This selection is preferably determined on the basis of one or more identifiers in
the packet header that indicate which data flow the packet belongs to. Preferably
the delivery channel is selected in dependence on one or more address fields of the
packet header, such as the destination address and port number of an IP packet.
[0079] By identifying the data flow to which a packet belongs, the corresponding software
domain, delivery channel, and notification channel (and hence RSS processor) for that
packet are determined.
Packet Mapping
[0080] In preferred embodiments of the present invention, the NIC performs a two-step mapping
of a data packet 501 onto a particular delivery channel in dependence on the packet's
header information 505. This process is illustrated in figure 5. The NIC reads the
header information of an incoming data packet and has two mapping functionalities:
- i. a filter 507 linking one or more packet identifiers (such as predetermined fields
of the packet header) to the software domain of the system to which the packet should
be delivered;
- ii. a hash function 509, which, when performed on predetermined bits of the packet
header, provides an indication of the RSS processor, and therefore the delivery channel,
which is to handle packets of the data flow to which the received packet belongs.
[0081] The filter therefore indicates which software domain of the system a received data
packet is to be directed to. A bit or flag may be stored in the filter to indicate
whether receive side scaling (RSS) is enabled for a particular data flow, or for a
software domain. Alternatively a bit or flag may be associated with the software domain
to indicate whether RSS is enabled for that domain. If RSS is enabled, the packet
is delivered to the particular delivery channel of the indicated software domain that
is identified by the hash function 515. If RSS is not enabled, the packet is simply
delivered to the default delivery channel of that software domain 513.
[0082] If a match is not found at the filter, the NIC delivers the packet to a default software
domain of the data processing system 511 - usually the hypervisor or kernel. Alternatively
the NIC may deliver the packet to each of the software domains.
[0083] A system of the present invention may be configured to apply RSS algorithms only
to certain kinds of packets. For example, RSS may be applied only to TCP/IP v4 and
v6 packets. Only the first step of mapping a packet into a software domain need be
performed for packets to which RSS does not apply.

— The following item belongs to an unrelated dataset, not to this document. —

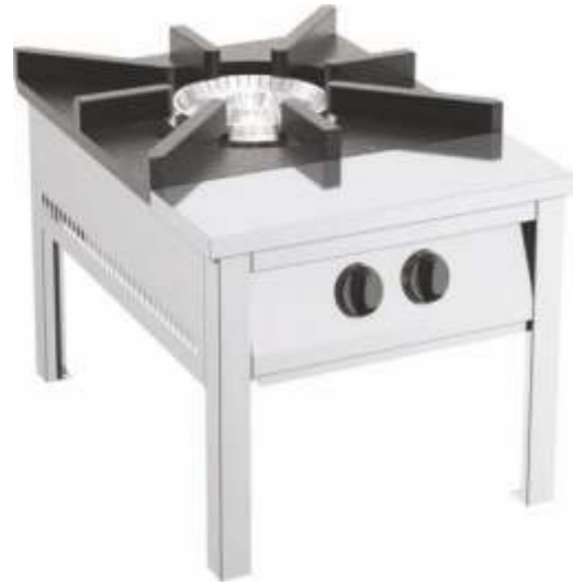
Kusina - GRCY015LPG Kusina - GRCY015NG

[0084] The hash function is performed on predetermined bits of an incoming packet header
and the result of the function is used to identify a delivery channel of the software
domain indicated by the filter. In accordance with the present invention, the selection
of a particular delivery channel determines a notification into which indications
for received packets are posted. Because each notification channel is associated with
a particular processor of the system, the output of the hash function therefore determines
at which processor 517 of the system processing of the received packet is performed.
Since the hash function calculates the same output for each packet that belongs to
the same data flow, each packet of that data flow will be delivered to the same processor.
[0085] In a particularly preferred embodiment, the hash function takes as its input various
fields from the packet headers and a key associated with the software domain, and
the result is a large number,
hash. Low order bits taken from that number are used to select an entry from a table associated
with the software domain,
sw_domain.rss_table[hash & mask]. The value of the entry in this table identifies one of a set of delivery channels.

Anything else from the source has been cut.